- _Activity_
Down to the last line, print the data that follows exactly, without its pictures.

- _Available data_
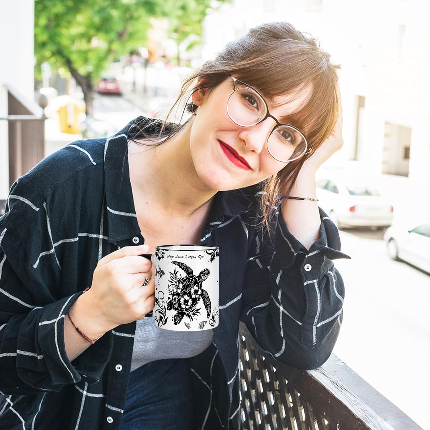 Sea Turtle Coffee Mug 11 Oz Sea Turtle Gifts for Women, Boho Coffee Mug Cute Black and White Coffee Mug for Women Birthday Gifts for Friends Coworkers Ceramic Mugs Microwave and Dishwasher Safe
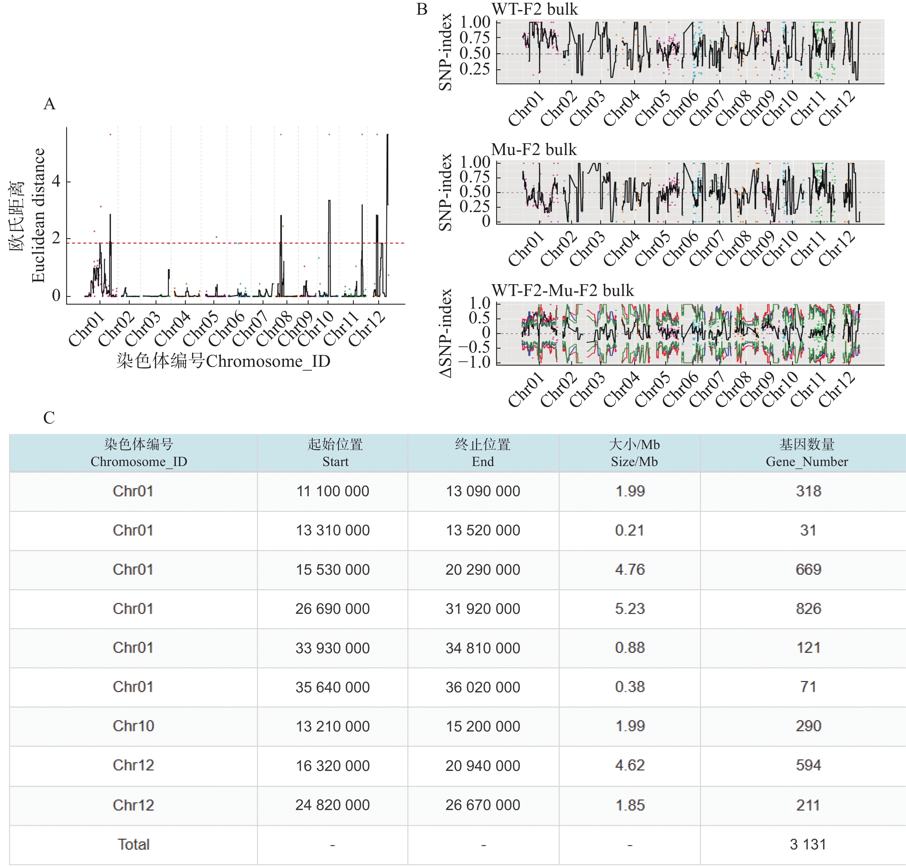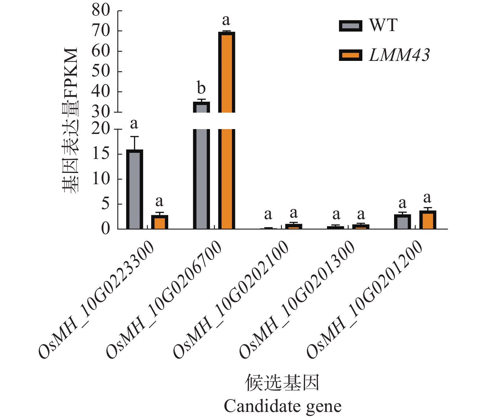 Lesion mimic mutants (LMM) are important in plant immunity and growth and development studies. The aim of this study was to perform a preliminary localization of a rice lesion mimic gene by BSA-seq (Bulked Segregant Analysis sequencing) technique. First, we screened a mutant, LMM43, from the population of indica rice cultivar Huang Huazhan (HHZ) mutagenized by EMS for the appearance of lesion-like symptoms, and phenotyped the F2 segregant population obtained by crossing LMM43 with the wild-type parent to determine the mode of inheritance of the lesion-like trait. High-throughput sequencing was performed on mixed samples of DNA from individuals with disease-like spot phenotypes and normal individuals using BSA-seq technology. Through the association analysis of Single Nucleotide Polymorphism (SNP) and Insertion and Deletion (InDel) differences combined with phenotypic analysis, the target genes were preliminarily localized in a segment of rice chromosome 10, which is about 1.37 Mb in length and contains 199 genes. The length of this interval is about 1.37 Mb, which contains 199 genes, and five candidate genes were finally identified. The preliminary localization results laid the foundation for further gene cloning and functional verification, and helped to deeply understand the molecular mechanism of rice-like spot mutants, which is of great theoretical and applied value for the study of rice disease resistance breeding and plant immunity mechanism.
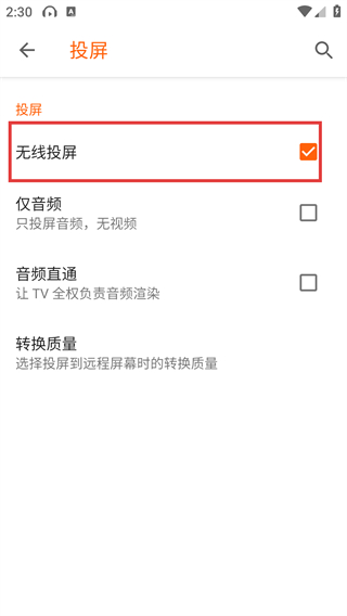 4、【VLC】投屏设置界面,勾选红框标注的【无线投屏】开关,开启无线投屏核心功能。

- _Written answer_
 Sea Turtle Coffee Mug 11 Oz Sea Turtle Gifts for Women, Boho Coffee Mug Cute Black and White Coffee Mug for Women Birthday Gifts for Friends Coworkers Ceramic Mugs Microwave and Dishwasher Safe
 Lesion mimic mutants (LMM) are important in plant immunity and growth and development studies. The aim of this study was to perform a preliminary localization of a rice lesion mimic gene by BSA-seq (Bulked Segregant Analysis sequencing) technique. First, we screened a mutant, LMM43, from the population of indica rice cultivar Huang Huazhan (HHZ) mutagenized by EMS for the appearance of lesion-like symptoms, and phenotyped the F2 segregant population obtained by crossing LMM43 with the wild-type parent to determine the mode of inheritance of the lesion-like trait. High-throughput sequencing was performed on mixed samples of DNA from individuals with disease-like spot phenotypes and normal individuals using BSA-seq technology. Through the association analysis of Single Nucleotide Polymorphism (SNP) and Insertion and Deletion (InDel) differences combined with phenotypic analysis, the target genes were preliminarily localized in a segment of rice chromosome 10, which is about 1.37 Mb in length and contains 199 genes. The length of this interval is about 1.37 Mb, which contains 199 genes, and five candidate genes were finally identified. The preliminary localization results laid the foundation for further gene cloning and functional verification, and helped to deeply understand the molecular mechanism of rice-like spot mutants, which is of great theoretical and applied value for the study of rice disease resistance breeding and plant immunity mechanism.
 4、【VLC】投屏设置界面,勾选红框标注的【无线投屏】开关,开启无线投屏核心功能。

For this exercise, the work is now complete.